### Problem to work on
Which lines run from the one with "Kill | 22.62 % |" through the end of the data? Retype them exactly, without pictures.

### Recorded data
-----
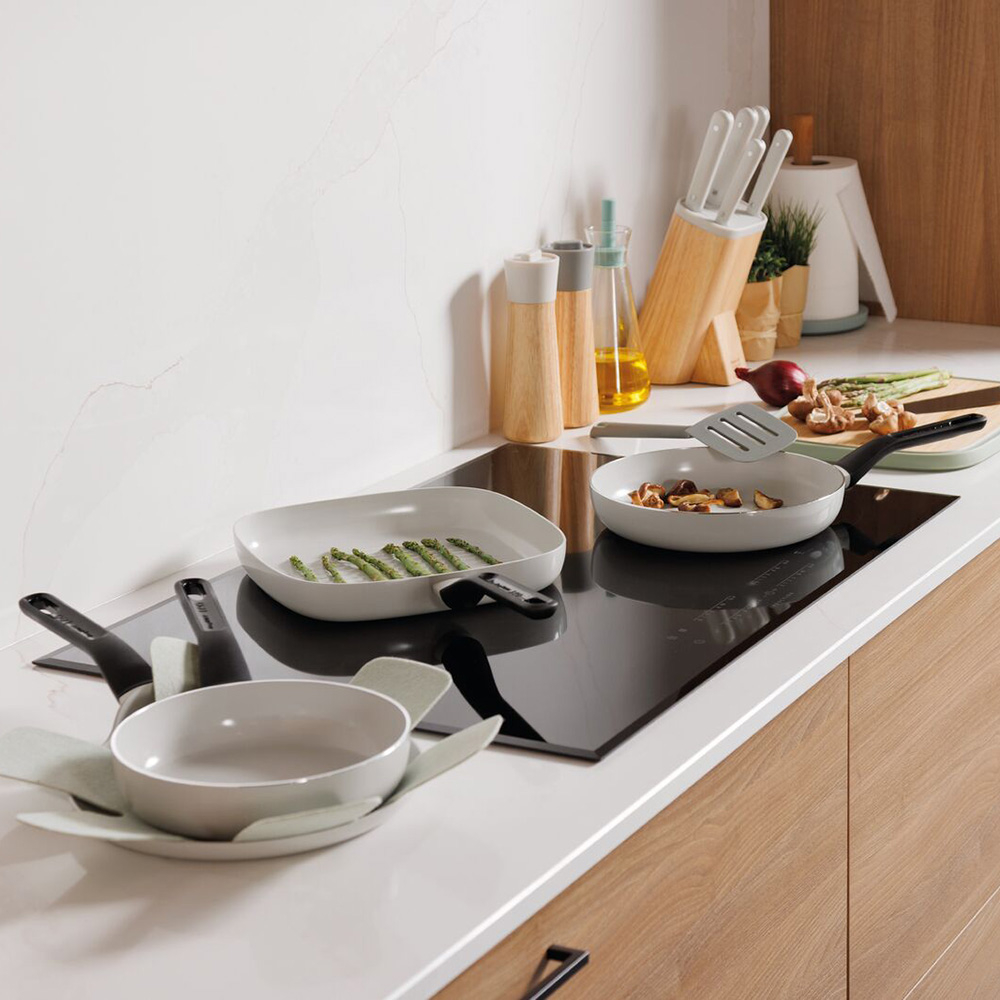 Особенности: корпус из алюминия обеспечивает быстрый нагрев и равномерное распределение тепла, облегчая приготовление и уход за посудой; 100% экологичное и безопасное для здоровья керамическое антипригарное покрытие CeraGreen, которое позволяет жарить практически без масла (не содержит PFAS); фенольная ручка для комфортного удержания и безопасности; 2-х слойное цельнодисковое дно; продуманный дизайн корпуса увеличивает рабочую поверхность на 25%; в ручке отверстие для вертикального хранения; подходит для всех типов плит, включая индукционные; подходит для духовки; температурная устойчивость до 180°C; легко очищается
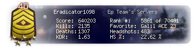 | Headshots | 483 | Suicides | 6 | Headshot / Kill | 22.62 % |
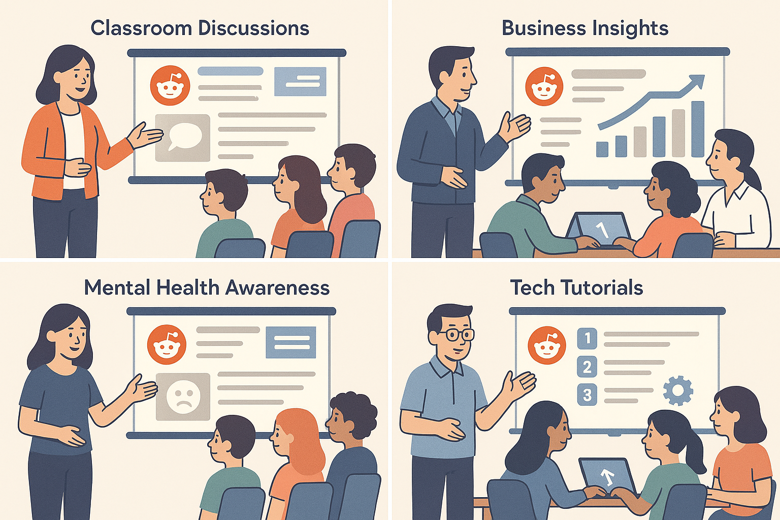 Communities like r/depression or r/ADHD have deep, personal insights. With care and permission, these threads can be turned into educational slide decks for awareness campaigns or workshops.
-----
### Response to the exercise
 | Headshots | 483 | Suicides | 6 | Headshot / Kill | 22.62 % |
 Communities like r/depression or r/ADHD have deep, personal insights. With care and permission, these threads can be turned into educational slide decks for awareness campaigns or workshops.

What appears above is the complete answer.